A committed federalist, Davis broke from the federal PCs in his support of Prime Minister Pierre Trudeau’s attempt to patriate the constitution and entrench the Charter of Rights and Freedoms. Davis reportedly played a pivotal role in the negotiations between the federal government and the provinces leading up to patriation. He has been credited with talking Trudeau out of trying to patriate the constitution unilaterally and instead holding a final first ministers conference in late 1981. (See also Patriation Reference.) It was also Davis’s insistence on including the notwithstanding clause in the constitution that won the support of other premiers.

Davis’s record was good, but there were flaws. Education was allowed to starve from the mid-1970s as the public mood and economic situation altered. Despite his support of the Constitution Act, 1982, Davis was unwilling to give Ontario’s half-million francophones official bilingual status, even though he had put the necessary infrastructure in place. (See also Francophones of Ontario (Franco-Ontarians).) His support for Trudeau’s National Energy Program also angered the federal PCs and cost Davis politically.

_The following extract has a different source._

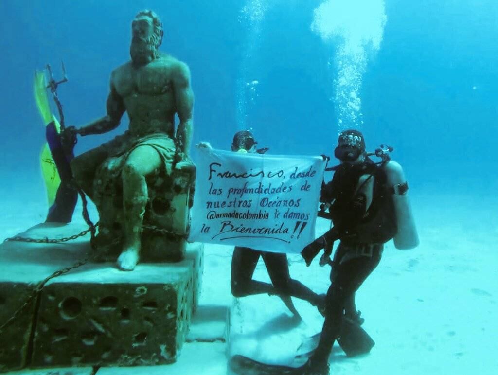 Los expedicionarios bajaron al fondo del mar y se ubicaron en una estatua del Poseidón, dios del mar, con una bandera en la que se leía «Francisco desde las profundidades de nuestros océanos @armadacolombia te damos la bienvenida».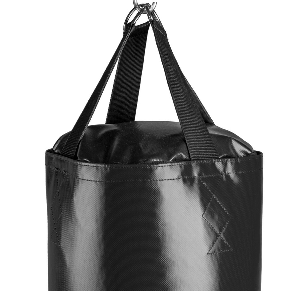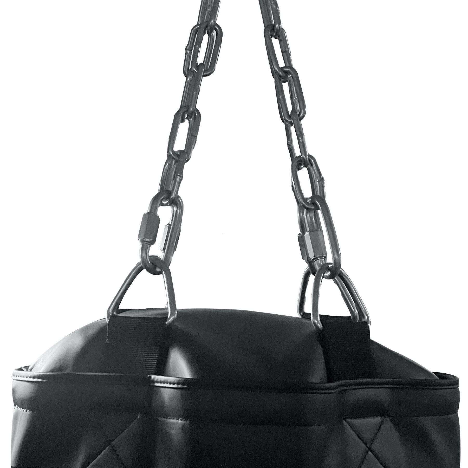 Die speziell entwickelte Mehrschichtfüllung aus Gummi- und EVA-Material sorgt für eine gleichmäßige Schlaghärte ohne Einsacken oder Verdichtung. Durch das 4-Punkt-Ketten- oder Gurt-Aufhängungssystem mit Karabinerhaken hängt der Sandsack stabil und sicher, selbst bei starken Kombinationsangriffen.

A. Grenville Davis and Bill Davis

Retirement

In 1984, Davis and his party were unchallenged. It surprised many when he announced his resignation on 8 October 1984. He yielded the premiership to Frank Miller in February 1985. Under Miller, the PC’s 42-year reign of Ontario came to an end.

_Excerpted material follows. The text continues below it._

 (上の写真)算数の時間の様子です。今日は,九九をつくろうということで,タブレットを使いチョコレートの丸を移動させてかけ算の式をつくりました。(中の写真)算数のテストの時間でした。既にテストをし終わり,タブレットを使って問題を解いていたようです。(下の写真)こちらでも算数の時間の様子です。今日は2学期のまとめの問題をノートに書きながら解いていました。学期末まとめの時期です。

Davis joined a Toronto law firm as senior counsel and served as Canada’s Special Envoy on Acid Rain. (See Acid Rain). He was also a director or board member with numerous organizations.

Personal Life

Davis’s first wife, Helen, died in 1962 after a long battle with cancer. Davis raised their four children with his second wife, Kathleen, a childhood friend. He and Kathleen also had a daughter together.


Honours and Legacy

Bill Davis was named a Companion of the Order of Canada in 1985. He received the Order of Ontario in 1987. In 2000, the new provincial courthouse in Brampton was named the A. Grenville & Bill Davis Courthouse, in honour of Davis and his father. Brampton awarded Davis a key to the City in 2019.

Following Davis’s death from natural causes at age 92, Prime Minister Justin Trudeau called him “a skilled statesman who set aside partisanship and worked with my father, Pierre Elliott Trudeau, to bring forward concrete change and uphold our shared values, like diversity and human rights, through the creation of the Charter.” Toronto mayor John Tory said that Davis “just radiated decency.” Brampton mayor Patrick Brown wrote in the National Post that Davis’s “legacy in Ontario is unmatched. He built the modern-day Ontario as we know it.”